I think the proteinIds column in all the parquet files in the following location are empty:
I use the Python’s fastparquet and pandas packages to parse the parquet files.
Could you please double check?
Tiejun Cheng
I think the proteinIds column in all the parquet files in the following location are empty:
I use the Python’s fastparquet and pandas packages to parse the parquet files.
Could you please double check?
Tiejun Cheng
Dear Tiejun Cheng,
Thanks for reaching out to us with your question.
The schema of target dataset contains a set of nested columns (this include the proteinIds column). In the case of proteinIds column the schema looks like
root
|-- proteinIds: array (nullable = true)
| |-- element: struct (containsNull = true)

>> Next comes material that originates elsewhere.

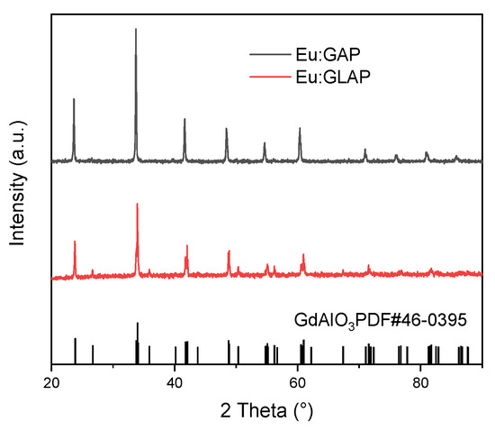 Figure 2 shows the PXRD patterns of the as-grown Eu:GAP and Eu:GLAP crystals. All diffraction peaks of the crystals matched well with the standard GAP (PDF#46-0395), indicating a formation of the desired perovskite GAP phase. All crystals show a similar crystal structure and belong to the cubic crystal pm3m space group. In addition, the absence of secondary phases indicates that Eu3+ completely entered into the GAP lattice through a solid solution [21]. In addition, the diffraction peak did not present a dramatic shift, which might indicate that the lattice constants of Eu:GAP and Eu:GLAP crystals are similar.

| | |-- id: string (nullable = true)
| | |-- source: string (nullable = true)
The schema is a nested array of structs, which is not supported by fastparquet - have a look at the package documentation. The fastparquet read supports only List fields that have primitive element types, not structs. This is why fastparquet report None instead of actual values.
In case of using pandas please use the pyarrow engine.

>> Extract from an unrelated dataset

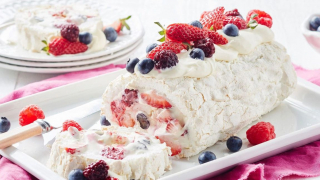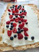 Pentru început batem spumă patru albușuri cu un praf de sare, puțină zeamă de lămâie și erititrol, pentru un indice glicemic mai mic. Turnăm compoziția pe hârtia de copt și coacem la 150 de grade Celsius timp de 30 de minute. Lăsăm blatul să se răcească, apoi îl dezlipim cu grijă. E foarte fragil, dar merită efortul.
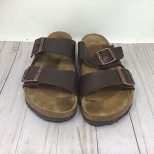 **Item Condition Notes:** Gently used - sole is lightly dirty from use but remains in excellent condition. These classic Birkenstock Arizona sandals feature the iconic double buckle design in rich dark brown Birko-Flor material. Size 39 fits women's 8-8.5 or men's 6-6.5. The sandals showcase Birkenstock's signature comfort with synthetic construction, leather lining, and synthetic sole for durability. Perfect for casual wear with the timeless slide style that Birkenstock is known for.

In [36]: import pandas as pd
In [37]: pd.read_parquet('https://ftp.ebi.ac.uk/pub/databases/opentargets/platform/25.03/output/target/part-00000-4c6c5f36-b7cf-4ea1-804c-33e0c7b43fad-c000.snappy.parquet', engine='pyarrow').proteinIds
Out[37]:
0 [{'id': 'A6NM43', 'source': 'uniprot_obsolete'}]
1 [{'id': 'Q13395', 'source': 'uniprot_swissprot...
2 [{'id': 'P11277', 'source': 'uniprot_swissprot...
3 [{'id': 'Q86US8', 'source': 'uniprot_swissprot...
4 [{'id': 'O94910', 'source': 'uniprot_swissprot...
...
398 None
399 None
400 None
401 None
402 None
Name: proteinIds, Length: 403, dtype: object
Thanks a lot. That’s extremely helpful.